Čiurlionis’s synthesizing temperament appears also in his ability to move between abstraction and representational painting. Some have suggested that he should be considered the first abstract painter and may have supplied inspiration for Kandisky’s early abstract works. Even if that controversial claim is false, a sequence of eight paintings like Winter moves from semi-representational images in the early scenes to almost entirely abstract ones by the end, relying heavily on light, shade, and color to convey an impression of a cold, dormant landscape. Even more striking is Silence, a small work on paper, largely unpainted, in which a trio of dandelions perches on a small sliver of ground with nothing else around but a few faint indications of color in a brown-gray sky.
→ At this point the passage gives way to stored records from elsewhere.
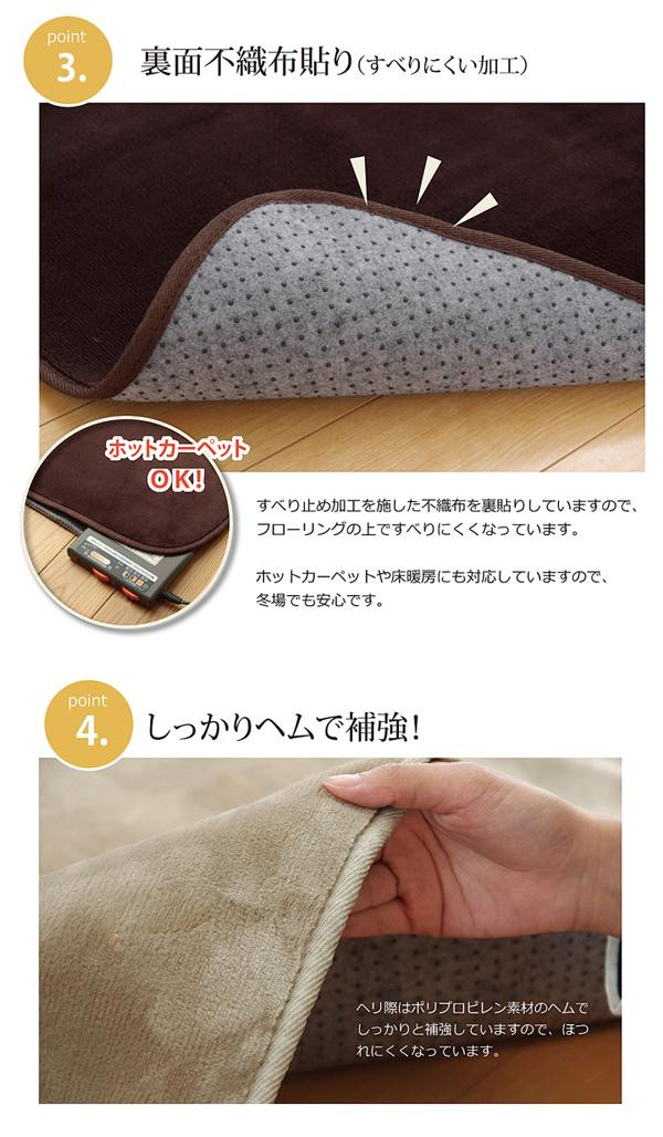 | 生地に抗菌・防臭加工を施したラグカーペットです。しっとりとして非常に柔らかいフランネル生地を使用しています。春夏はラグとして、冬場はホットカーペットカバーとして、オールシーズンご使用いただけます。 |
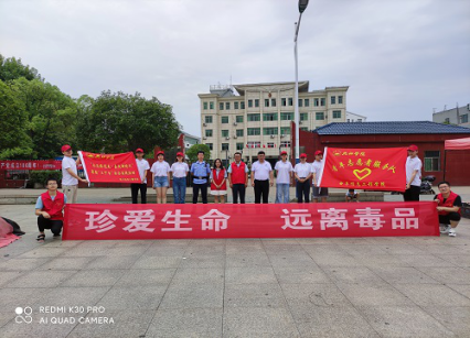 7月5日,高飞老师带领九游体育官方网站三下乡社会实践服务队与周溪镇党委委员段龙智副镇长、周溪镇派出所民警冯唐坤带领的志愿者一同在周溪镇政府门前广场及附近社区开展防范网络诈骗和禁毒知识宣传。
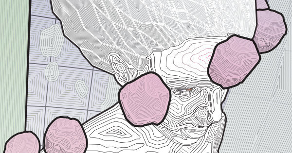 An Oni Daikijin mask over geometric background - the dark version

Yet Čiurlionis’s career was not simply a move toward abstraction. Many of the last paintings are again representational. Two of my favorites, both painted in 1909, come at the very end of the exhibition. With another burst of color, Angels (Paradise) and Angel (Angel Prelude) provide a lovely pair of images to contemplate as one exits this remarkable show. In the former, a dozen brightly colored angels gather wildflowers amid butterflies in a blooming meadow, or ascend and descend a large staircase facing the seashore, with clouds floating overhead in a blue sky. One can imagine wading out of that sea, being greeted by the angels, picking a small bouquet, and climbing the stairs up to heaven. In the latter painting, a prominent feminine angel sits thoughtfully upon a mountaintop, while in the background more angels move along a series of bridges and stairways. In both paintings, earth and heaven seem closely joined, with a lively intercourse going on between them.
I find it astounding that Čiurlionis produced this richly diverse yet thematically unified body of work in so short a time span. One can only imagine what he might have gone on to do had more years been permitted him. But what a treasure to have the works we do, and what a gift for Dulwich Picture Gallery to have helped them gain an audience. M. K. Čiurlionis may have drunk deeply at the well of his native Lithuanian culture for inspiration, but his paintings speak a universal language.